Some key components include:

Gstreamer 1.22.0 needs to be built from source to get everything going on Jammy which isn’t the easiest thing…

I have a fully fleshed out, all batteries included dockerised demo. Waiting on some approval before (hopefully) open-sourcing :crossed_fingers:

Motion JPEG stream, from IP camera to robot to server to browser, via some custom proxying and tunneling (the robots are on LTE).

We use MJPEG because it’s very low latency on our equipment, and easy to forward to a browser. It’s also a simple protocol, so it’s easy to hack if we need to, and it works on everything. If we push it we can get 12 frames per second with JPEG compression turned up. But most of the time we do 720p or 1080p @ 5 fps.

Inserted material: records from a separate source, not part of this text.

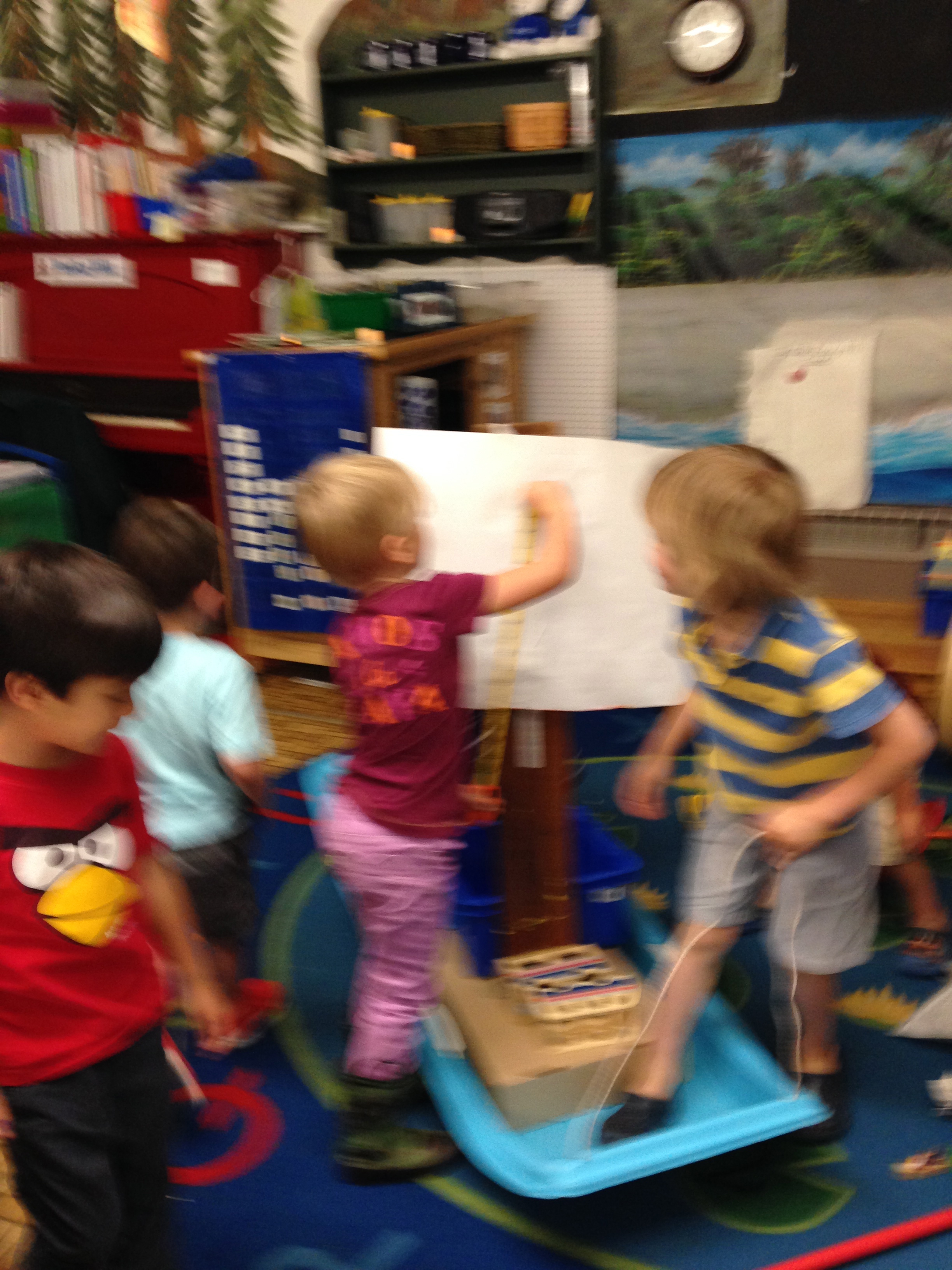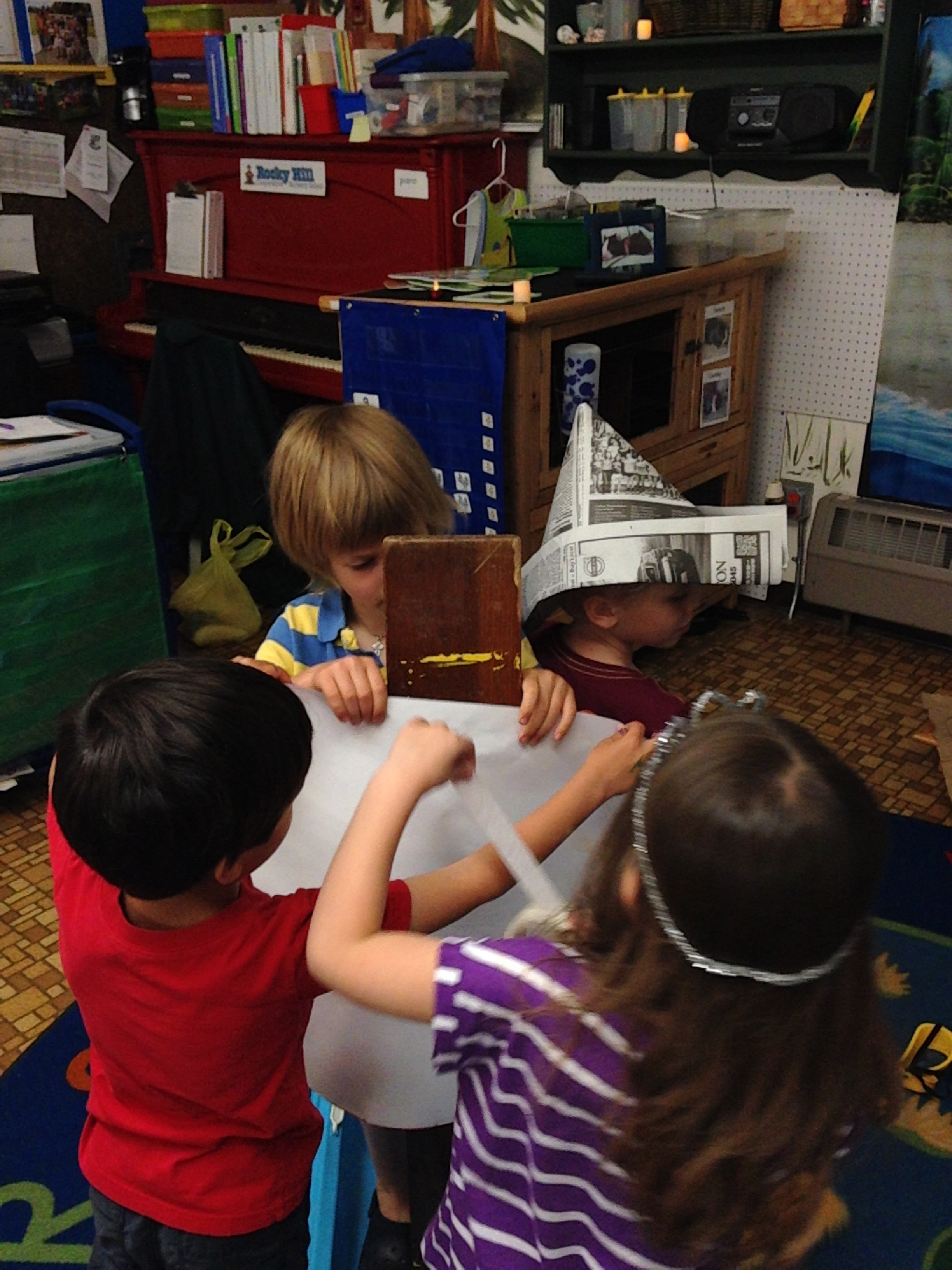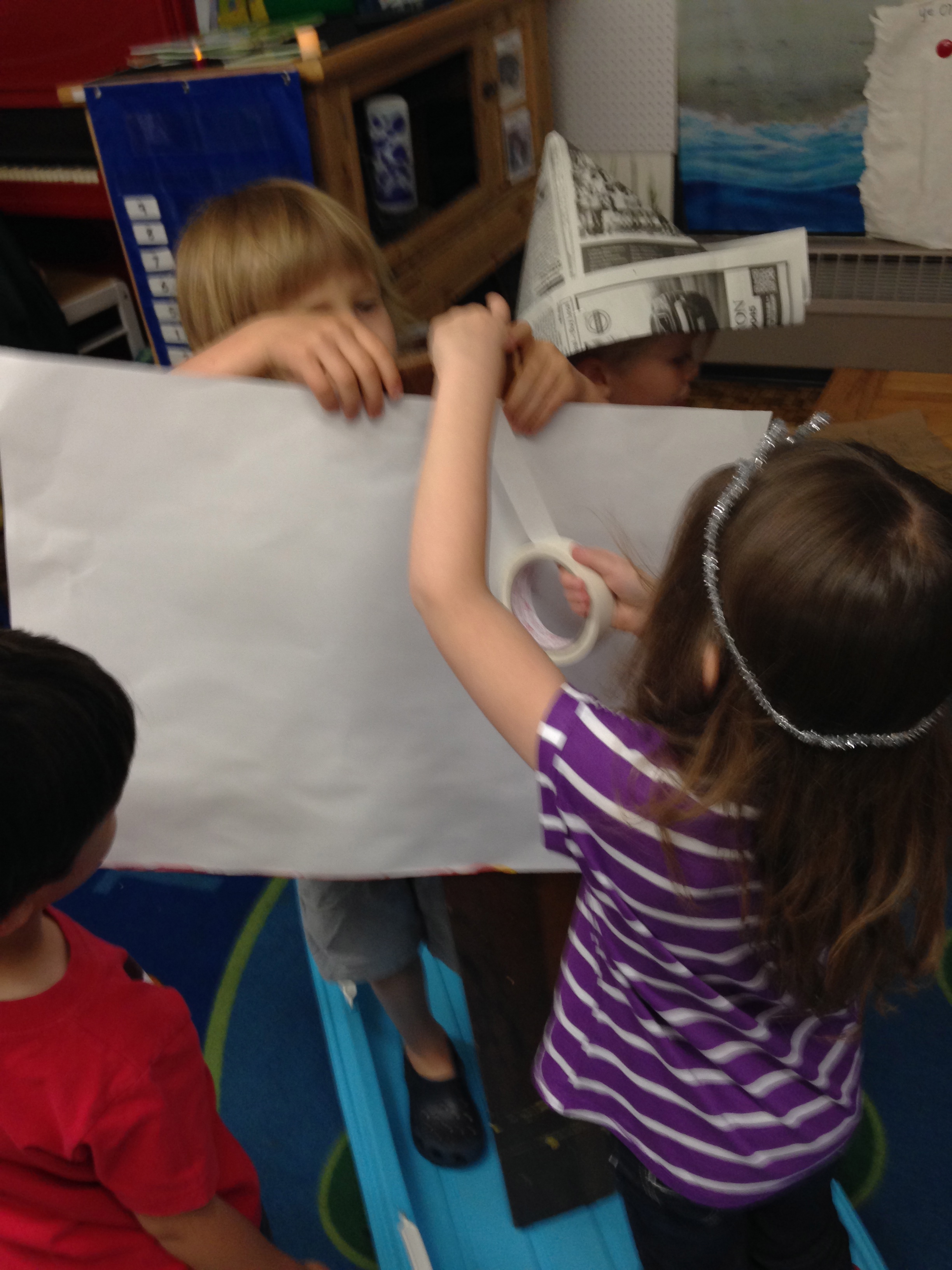 Ok, in my adult mind, I though they’d use the brooms for the mast.   I  was surprised when P held up the board like a mast, and said, “We need a sail.”  Some easel paper, lots of tape and there was a sail!
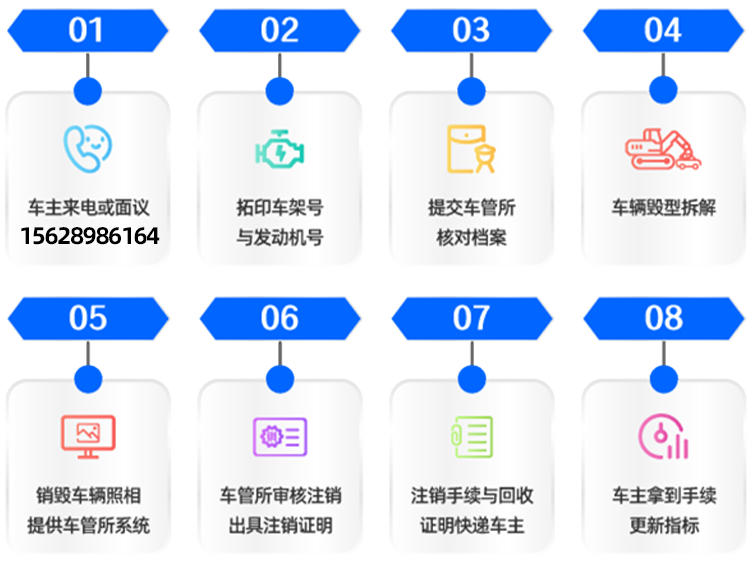 免费拖车、10-15个工作日出报废手续和注销证明只要手续齐全,随时可以办理注销。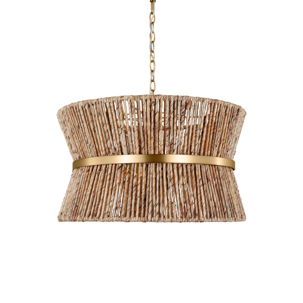 The Drew and Jonathan Thurlo Pendant Light from Visual Comfort Studio brings intricate bohemian style to your ceilings. Suspended from a clean circular canopy by a delicate chain, its hourglass-shaped shade features vertically arranged paper rope strands held by a horizontal metal hoop that angles them inward. This design diffuses warm ambient light alongside focused downlighting, creating a sophisticated blend of texture and illumination perfect for adding character to any space.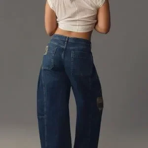 These Pilcro jeans offer a stylish ankle barrel design with tasteful camo patches. Crafted with a sturdy denim texture, they provide a comfortable fit and a modern look. Perfect for adding a touch of color to your everyday wardrobe.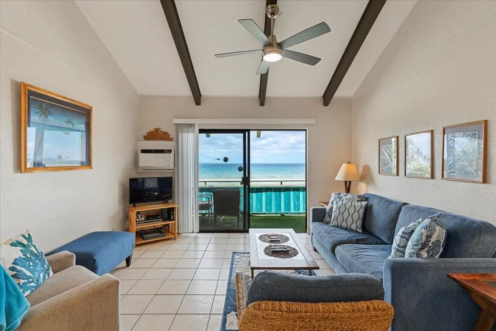 A KIHEI BEACH ESCAPE Unobstructed ocean-views are yours from this stunningly remodeled 1 b | 1 b vacation rental condo directly across the street from the beach. As one of the largest 1b units in the Shores of Maui, it is perfectly situated with underground electrical and telephone lines. The condo features an additional upstairs finished storage loft which is not included in the interior square footage by the County of Maui. This additional loft area may not be used as a bedroom. Continually remodeled through 2024 and tastefully furnished, it combines island elegance with contemporary comfort. Nestled in the heart of Kihei, the property offers convenient access to groceries, dining, boutique shopping and the pristine sandy beaches. Enjoy spectacular year-round sunset views from both inside and your private lanai. Also enjoy spotting the humpback whales during in season. Join in or watch the surfing and paddle-boarding in the crystal-clear waters. With sweeping views of the neighboring islands and endless ocean activities, this condo presents an unparalleled opportunity to experience the best of Maui’s lifestyle.

Total latency is really low, usually below 150ms even over thousands of km.

WebRTC seems ideal, if encoding latency can be controlled. A lot of IP cameras’ h.264 streams are a second or two behind to start with. That, and it’s really hard to get an h.264 (or h.265) stream through a server into a browser.

I’ve heard of people using gstreamer but I’ve not been able to get a working demo yet myself. If it supports WebRTC directly now, I’ll have to give it another go. We also do 2-way audio via a separate system. WebRTC would hopefully allow us to combine the audio and video together in the same stream.